Stephane Lacroix’s book is a product of the opening of the Saudi research field to French scholars in the aftermath of 9/11. After decades of so-called “Saudi Studies” being monopolised by Anglo-Saxon scholars, French academic institutions saw a window of opportunity at a fleeting moment of worsening Saudi-American relations. Institutional bridges were built between one of the most prestigious French political science Institutes and King Faisal Foundation, whose director, Prince Turki al-Faisal was key figure in Saudi Intelligence services. The result was the publication of several books on Saudi Arabia, including the one under review.
Awakening Islam focuses on the failure of Saudi political Islam and the fragmentation of its religious field, thus echoing the argument of Oliver Roy and many other observers. Building on previous research, Stephane Lacroix offers a detailed and elaborate description of the main Saudi contestants. He links Saudi Islamism to the exiled Arab Muslim brotherhood cadres who in the 1960s were welcomed in Saudi Arabia. The result in his opinion is a fusion with local Saudi Salafi discourse, creating in the process what is commonly known as al-Sahwa al-Isalmiyya, the Islamic awakening. This fusion had a solid institutional base in Saudi schools and colleges of religious higher education.
The Islamic awakening was not monolithic. It evolved, mutated, and fragmented into mainstream and splinter groups, all claiming to be heirs to an unprecedented Islamic renaissance. Although Lacroix acknowledges that Saudi Islamists were not simply blind followers of Arab Islamists, he does not give sufficient consideration to this statement, which became an excuse official Saudi figures propagated in order to absolve their own indigenous Islamists from any wrong doing after 9/11. Lacroix does seem to endorse this official view although he acknowledges its limitations.
Explaining why the religious field fragmented and resulted in a thwarted Islamic awakening, Lacroix does not give sufficient attention to state oppression as a determining factor.

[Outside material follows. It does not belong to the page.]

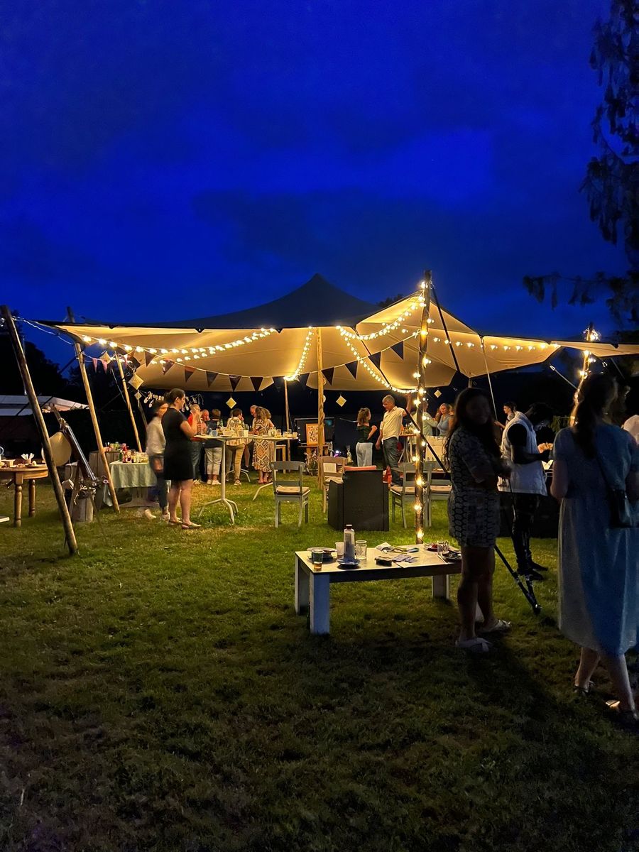 Stretchtenten zijn oneindig te koppelen via een speciale goot, vastgemaakt met karabijnhaken en klittenband voor een waterdichte en esthetisch aantrekkelijke verbinding.

Instead, he argues that the state encourages ‘sectorisation’, a strategy of fragmenting intellectual and religious communities.

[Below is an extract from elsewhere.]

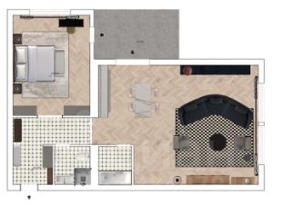 Помещение состоит из просторной кухни-гостиной, где можно организовать комфортное место для отдыха и общения. Здесь также предусмотрена возможность выделения дополнительной комнаты, что делает пространство еще более функциональным. Вторая комната меньшего размера идеально подойдет для спальни или кабинета. Просторный коридор добавляет ощущение свободы и легкости.

Lacroix is good at explaining the outcomes of the awakening failure. In his view, an Islamo-liberal trend that is more in tune with global discourse on democracy and human rights from an Islamic perspective emerged in the late 1990s. Furthermore, resorting to spectacular violence, a violent Jihadi group made its presence felt.
The book invokes the contested notion of post-Islamism, a phase that scholars like Asef Bayat and others believe is reached in several Muslim countries. It refers to the proliferation of the discourse of human and civil rights within Islam after a long time of emphasising duties. In Saudi Arabia, Islamists are constantly defining and redefining themselves. Some may have moved towards post-Islamism.

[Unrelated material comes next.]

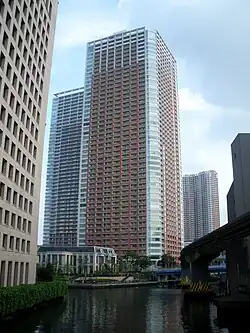 Shibaura (芝浦) is a district of Minato ward located in Tokyo, Japan. The district is located between the eastern side of the Yamanote Line train and Tokyo Bay. Shibaura consists mostly of artificial islands created by the excavation of industrial canals in the early 20th century. Formerly a light industrial area, it became famous for its night life during the Japanese asset price bubble period and, since the early 2000s, has become a high-rise residential district.

But the mistake is to see Islamism through the sole prism of success or failure. It is an evolving project that mutates. One of the main shortcomings prevalent in research on it is privileging text over context. Not many scholars take a grass-root approach that highlight class, urbanisation, education, and other factors that contribute to its strengthening, weakening or total failure.
The book is a product of serious scholarly interpretive and linguistic skills. It should appeal to specialists, although novices may find it difficult to read.
Madawi Al-Rasheed is Professor of Social Anthropology at King’s College, London and author of a History of Saudi Arabia and editor of Kingdom without Border and Dying for Faith.